But what you won’t see is any codebreaking—presumably to the disappointment of the National Security Agency employee who once predicted (sort of) that cryptography would dominate football by 1999.
From 1974 to 1997, the NSA published a staff magazine called Cryptolog that was intended to help the expanding staff at the agency exchange ideas with one another. One editor described it as “a mix of technical, expository, philosophical, futuristic, argumentative and historical articles.” The NSA declassified all of the issues in 2013, though some content was blacked out in the released copies, still sensitive after a quarter-century.
Alongside commentary about the Soviet Union and some complicated-looking puzzles, the January 1976 issue contained a tongue-in-cheek article titled “Football & Cryptology.” The author’s name is still classified, but given that headline, it’s reasonable to assume that whoever wrote it was an NSA codebreaker.
The piece starts off straightforwardly enough. Our anonymous author is interested in what could happen to football if radios were embedded in helmets to allow coaches to communicate with their players. (So far, so good!) Obviously coaches would want to eavesdrop on one another’s radio signals, the NSA codebreaker writes, which in turn would make communication security a coaching priority. And the best way to ensure security over a public channel, like radio waves across a football field, is to scramble the communications using encryption.
The NSA commentator follows this train of thought to its extreme conclusion and makes a series of increasingly elaborate predictions for how this gridiron cryptowar would play out.

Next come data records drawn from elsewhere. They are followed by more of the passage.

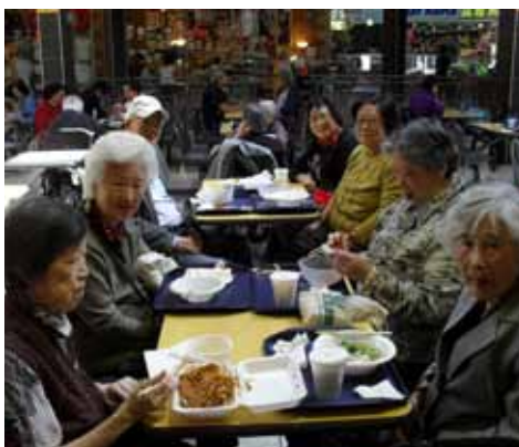
Enjoying a meal in a Chinese restaurant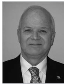
JOHN A. TAMISIEA AWARD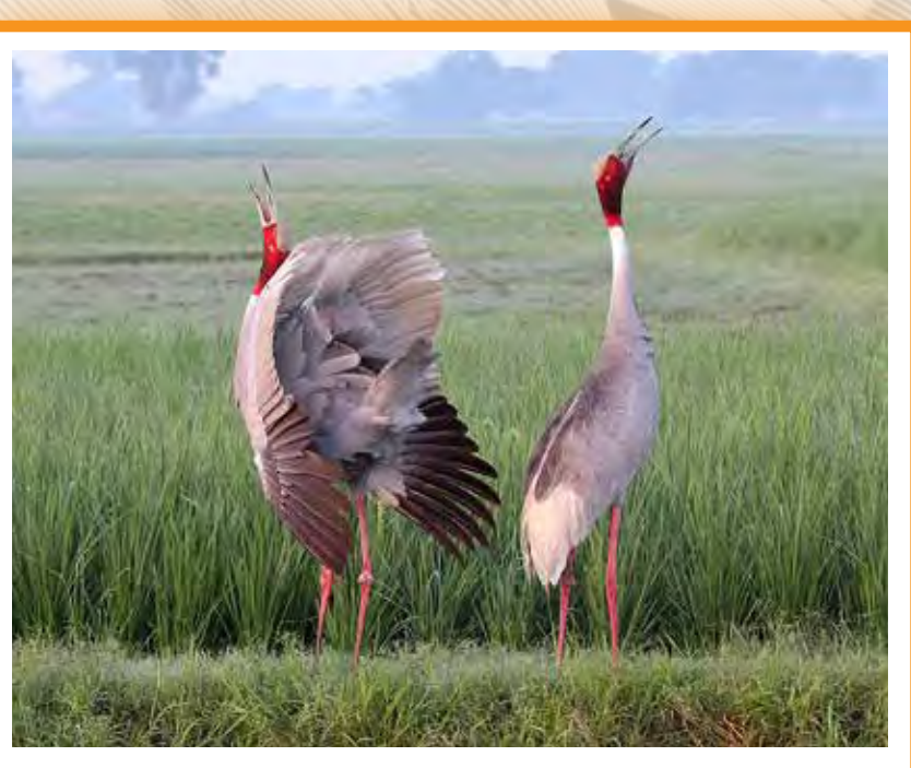
Sarus cranes unison call in rice fields in India

International Crane Foundation, Baraboo, Wisconsin, USA / Nature Conservation Foundation, Mysuru, India Email: gopi@savingcranes.org and gopi.sundar@gmail.com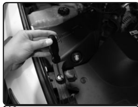
16. Reuse the factory 8mm bolt and secure the Injen air box bracket to the passenger side headlight bracket.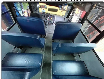
TruView Front View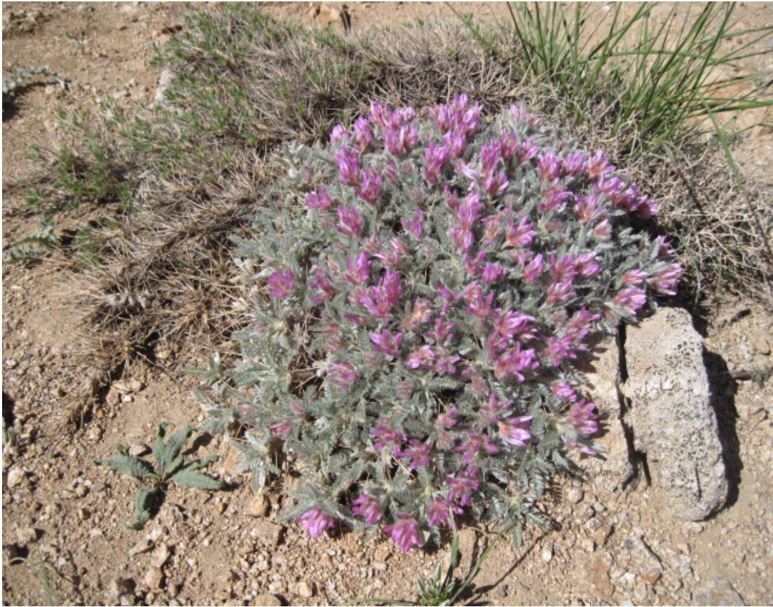
Fig. 2. Habit and flowering habitat of Astragalus leucargyreus .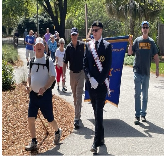
The Cross Procession made it back to COK Church grounds, walking through the remote gate headed to the Altar Garden, where the Rosary will be said.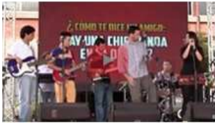
Hit the road Jack / Ray Charles / Claret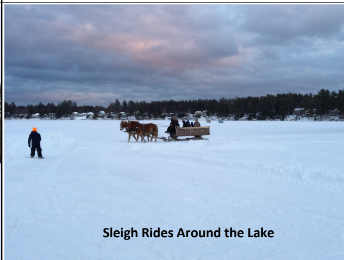
Sleigh Rides Around the Lake

Within three years of helmet radio receivers, the author imagines, most teams will hire mathematicians to make and break new ciphers. One team will pioneer the no-huddle offense after adopting uniforms that are a “combination of medieval armor and space suit” and can deliver oxygen, Gatorade, and pure adrenaline to players. Within 10 years, “the cryptologic aspects of football [will] become at least as important as the play itself,” and cryptologists will command salaries on par with the players. Breakthroughs in neuroscience will lead to connecting receivers directly into players’ brains. Within 25 years, “the whole point of the game [will be] cryptanalysis,” and unpredictable human players will be entirely replaced by robots. Newspaper sports pages will replace athletic commentary with cryptanalytic commentary. The yearly NFL draft will pick mathematicians, rather than players, for contracts running to tens of millions of dollars.
Today, the article is ridiculous (and funny), but not in the way the writer likely intended. In 1976, encryption technology was impractical. Any two people wanting to exchange an encrypted message had to agree beforehand on the secret key they would use to encrypt and decrypt their data, and strong ciphers required expensive machines. Encryption was used mostly by governments and large banks whose secrecy needs warranted the necessary massive investment. At the time, the absurdity of this article was in applying the day-to-day business of the NSA to the realm of sports. Why would football need to spend the same resources on advanced technology that the government spent on national security?
A few months after the crypto-football article, two computer scientists published a paper that described a new method of encryption in which the two parties wouldn’t have to exchange their secret key ahead of time. This public-key encryption, together with faster computers, enabled the creation of secure internet browsing. If used correctly, public-key encryption is very unlikely to be broken even by dedicated codebreakers. It worried the NSA so much that the agency tried to intimidate the academic researchers who worked on it. It failed.
So by the time the NFL finally allowed helmet radio receivers for quarterbacks in 1994, anyone could use NSA-grade encryption. Football teams didn’t need codebreakers, although they still worried about communication security. In 2008, the NFL claimed its headset system employed “268 million different encryption codes” for scrambling communications, though what exactly that meant isn’t clear. Malicious hackers have also started targeting all sorts of organizations, including professional sports teams, to steal data and disrupt operations. The investment necessary for information security has plummeted while the need for it has increased. Now, it seems obvious that the NFL might care about radio encryption, but it’s laughable that it would need to hire world-class cryptographers.
Coaches in football and plenty of other sports have employed basic encryption methods for decades, disguising play calls in cryptic hand signals and printed signs held on the sidelines. The 2007 Patriots videotape spying scandal highlighted the weaknesses of this system and pushed the NFL to allow defensive players to don headsets the following year.
Because headset technology is similar to that used for other wireless communications like cellphones, frequency jammers could theoretically interfere with signals. Angry coaches have made plenty of accusations over the years after game-time communications problems, though no tampering has ever been proven. The NFL switched its radio transmission system from analog to digital in 2012, which it claimed improved sound quality in the headsets. This switch also cut down on frequency mishaps, like the case of the San Francisco 49ers headsets picking up pilot chatter.
Although robot football and high-dollar math drafts haven’t quite materialized, encryption has become even more ubiquitous than our cryptologist predicted, securing not just play calls in football but everything from text messages to bank transactions. Cryptography may have spread beyond the walls of the NSA, but there’s no chance it will push football out of the cultural spotlight anytime soon.